My Lovely Horsey Weekend

img_0620JOHNNIE CRAIG GOES WITHOUT MODERN TECHNOLOGY

(From Evening Herald HQ article “Cheap Tricks”, 16th April 2009)

Day one: I wake up to my youngest daughter singing Barbie’s annoyingly catchy dirge (I Feel) Connected.  Barbie is, of course, the ultimate consumer chick, but we’re having none of that this weekend.

Our challenge is to have three days connected to nature, away from mod cons and money grabbing. Back to basics, if you will. Children don’t need to understand recessions, you can’t moan that the Government’s emergency Budget was designed to screw us all into penury – it just requires a collective change of tactic.
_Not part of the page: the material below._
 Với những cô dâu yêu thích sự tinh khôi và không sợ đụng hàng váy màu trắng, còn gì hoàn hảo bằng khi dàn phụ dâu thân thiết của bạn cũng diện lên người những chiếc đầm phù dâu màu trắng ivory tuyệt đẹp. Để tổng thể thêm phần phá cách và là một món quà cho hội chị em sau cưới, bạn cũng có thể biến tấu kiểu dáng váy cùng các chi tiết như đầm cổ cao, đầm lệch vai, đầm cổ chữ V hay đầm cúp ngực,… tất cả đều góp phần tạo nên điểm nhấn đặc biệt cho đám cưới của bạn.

So, we’re at their grandmother’s isolated home in the [English] countryside. It’s the ideal place to experiment with frugality; no shops, no internet or mobile phone signal, and the telly and DVD player are conveniently “broken”.  Daddy’s iPod is nowhere to be found either. All we have is the great outdoors and the limits of our imaginations.
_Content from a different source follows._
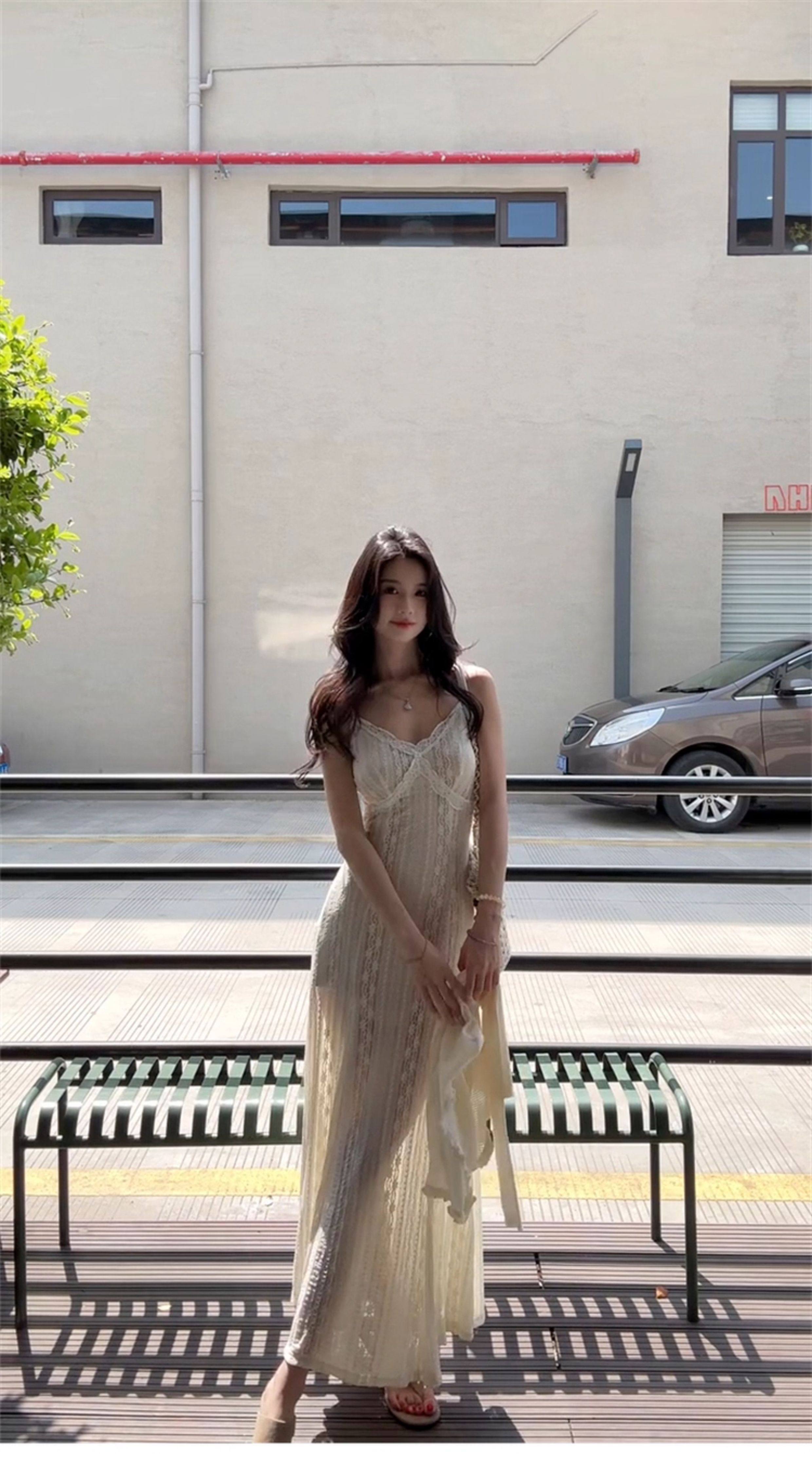 French Lace Suspender Dress for Women Summer 2025 New Style High-End Elegant and Beautiful Seaside Vacation Long Dress

Well, there’s also a store cupboard of meal essentials. We won’t starve but we’ll be eating the frugal way.

Calls for Rice Krispies fall on deaf ears; it’s porridge for breakfast all weekend. There’s a health imperative, though; porridge’s filling properties and slow-release energy are essential for all our forthcoming exertions.

Day Two: The weekend is about spending-free activity. Brochures advertise expensive zoos and fun parks within driving distance, but none are as much fun as a bumpy, giggle-filled ride around a field in a wheelbarrow – even if health and safety jobsworths would have a fit. Lengthy country walks become exciting adventure playgrounds; thick gorse bushes are assault-course tunnels, trees are gnarled climbing frames and spotting horses, lambs, rabbits and deer is like a free safari park. Later, painting and crafts inspire imagination and consume our spare energy. A local farm’s eggs are hardboiled, cooled, then brightly painted, before a grandmotherly Easter bunny hides these works of art all around the yard. The hunt is long and energetic, with a smilingly satisfactory chocolate reward at the end.

Day THREE: Groceries are required, but local shops prove less stressful than supermarkets. For a start, there’s no Bob The Builder ride outside, encouraging the kids to whinge for three expensive, pathetic to-and-fro rocks to the tune of Can We Fix It?

Instead, boxes of colourful local produce turn into a name-the-vegetable game. We choose ingredients for soup and other meals, the whole lot will last the weekend and costs a lot less than £20 (€22.39).

There’s even change to buy two little pots of bubbles costing 50p (55c) each. Guaranteed, these give the kids more concentrated pleasure than any of Barbie’s vast and wallet-emptying range of unnecessary accoutrements. And what’s more, you can refill them with diluted washing-up liquid when they’re finished. Oh, the joy!

Then, of course, there’s sleep; afternoon and evening, it’s the ultimate way of whiling away spare time and avoiding the demands and temptations of commercialism. And with all that exercise, it’s been well earned too.

Can we do this every weekend, though? In the words of Bob and Barack, “yes, we can!”